4.6 1H-15N cell lysate NMR spectroscopy
NMR spectra of cell lysates containing CA2 labeled with 13C,15N-His were collected at 310 K on a 900 MHz Bruker Avance HD spectrometer or a 950 MHz Bruker Avance III spectrometer, both equipped with a 5-mm TCI CryoProbe. Each sample was analyzed with three 1H-15N BEST-TROSY spectra with 256 scan and an interscan delay of 0.25 s each, resulting in a total acquisition time of 9 h. The 2D BEST-TROSY spectra were processed and summed together in Topspin 4.2.0.
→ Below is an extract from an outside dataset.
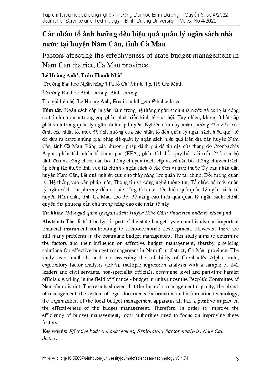 Các nhân tố ảnh hưởng đến hiệu quả quản lý ngân sách nhà nước tại huyện Năm Căn, tỉnh Cà Mau = Factors affecting the effectiveness of state budget management in Nam Can district, Ca Mau province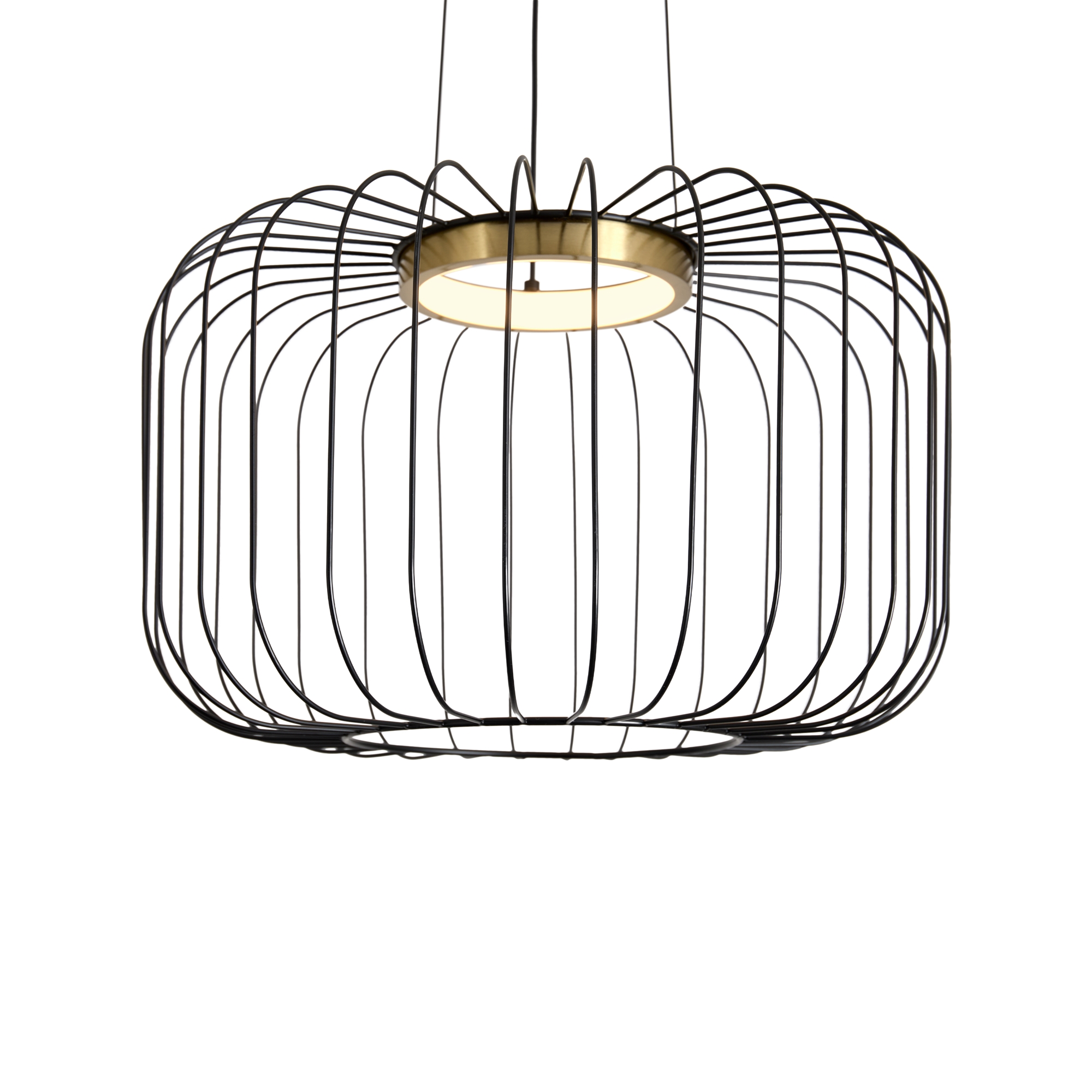 Металлическая арматура чёрного цвета. LED-источник света обрамлен декоративным металлическим кольцом цвета латунь. Минималистичный дизайн - хорошо сочетается с другими осветительными приборами. Высота подвеса регулируется. Цветовая температура - 3000К.

4.7 Integration of histidine cross peaks in 2D BEST-TROSY spectra
The integration of cross peaks in the 2D spectra was performed using TopSpin 4.2.0 software (Bruker). The integration region for both cross peaks of each histidine was kept consistent. The sets of cross peaks with higher intensity and better separation were chosen for integration. As a result, for samples 4FF-CA2, 5FW-CA2, and 6FW-CA2, the cross peaks arising from histidine 107 were integrated, whereas for sample CA2-3FF, the cross peaks arising from histidine 96 were integrated. For error calculation, the background noise of the spectra was sampled with the integration region the same size as above, and the standard deviation of the noise was computed using Excel (Microsoft).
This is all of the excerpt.